Aku mengangguk, lalu bangkit. Dalam hati sudah bisa menebak siapa saja yang harus kuantar—Tante Sri yang rumahnya satu gang di sebelah kanan, Tante Nila di ujung jalan, dan mungkin satu lagi ke rumah Mba Ayu, sepupu jauh yang suka menyelipkan camilan kecil di kantongku sebagai imbalan diam-diam.

Langkahku ringan, menyusuri jalan kecil yang sudah akrab. Semilir angin beraroma tanah kering menyapa wajahku, dan suara ayam dari belakang rumah tetangga menjadi musik latar yang menyenangkan. Setiap rumah yang aku datangi membuka pintunya dengan senyum hangat. Tak ada yang ditolak dari tangan yang membawa pemberian, meskipun hanya timun sederhana dari ladang Kakek dan Nenek.

Semua didekap dengan baik.

Hari itu tak kuisi dengan hal istimewa. Hanya kegiatan-kegiatan kecil yang terus berulang, seperti hari-hari sebelumnya. Itu saja mungkin sudah cukup istimewa. Menemani Ibu di dapur, membantu membersihkan halaman bersama Bapak, bercanda dengan adik-adik saat sore mulai turun. Di balik kesederhanaan itu, ada kehangatan yang tak bisa dijelaskan dengan kata.

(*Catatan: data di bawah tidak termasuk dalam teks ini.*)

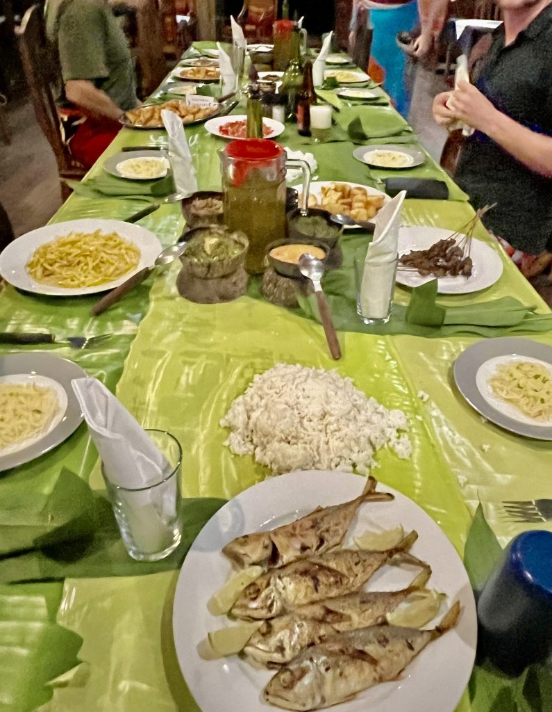 On Friday nights the staff join guests for a traditional dinner. The table cloth and spoons are made from local leaves – and in place of plates we eat directly off the leaves. We’d been shown how to make said spoons by our guide that afternoon. Makes cleaning up easy, once we’re done, everything is rolled up and thrown away. 100% recyclable.

Rumah kami terlampau hangat. Bukan dari api, bukan dari penghangat ruangan. Tapi dari tawa yang mengalir seperti sungai, dari peluh yang dibagi bersama, dari cinta yang tak pernah kehabisan bentuk. Rasanya seperti tubuh yang merebah di kasur, lalu dipeluk selimut tebal saat malam mulai dingin dan gelap—nyaman, damai, dan selalu ingin kembali. Dan Ibu, hadirnya seperti terang lampu tidur yang menerangi dengan remang namun hangat.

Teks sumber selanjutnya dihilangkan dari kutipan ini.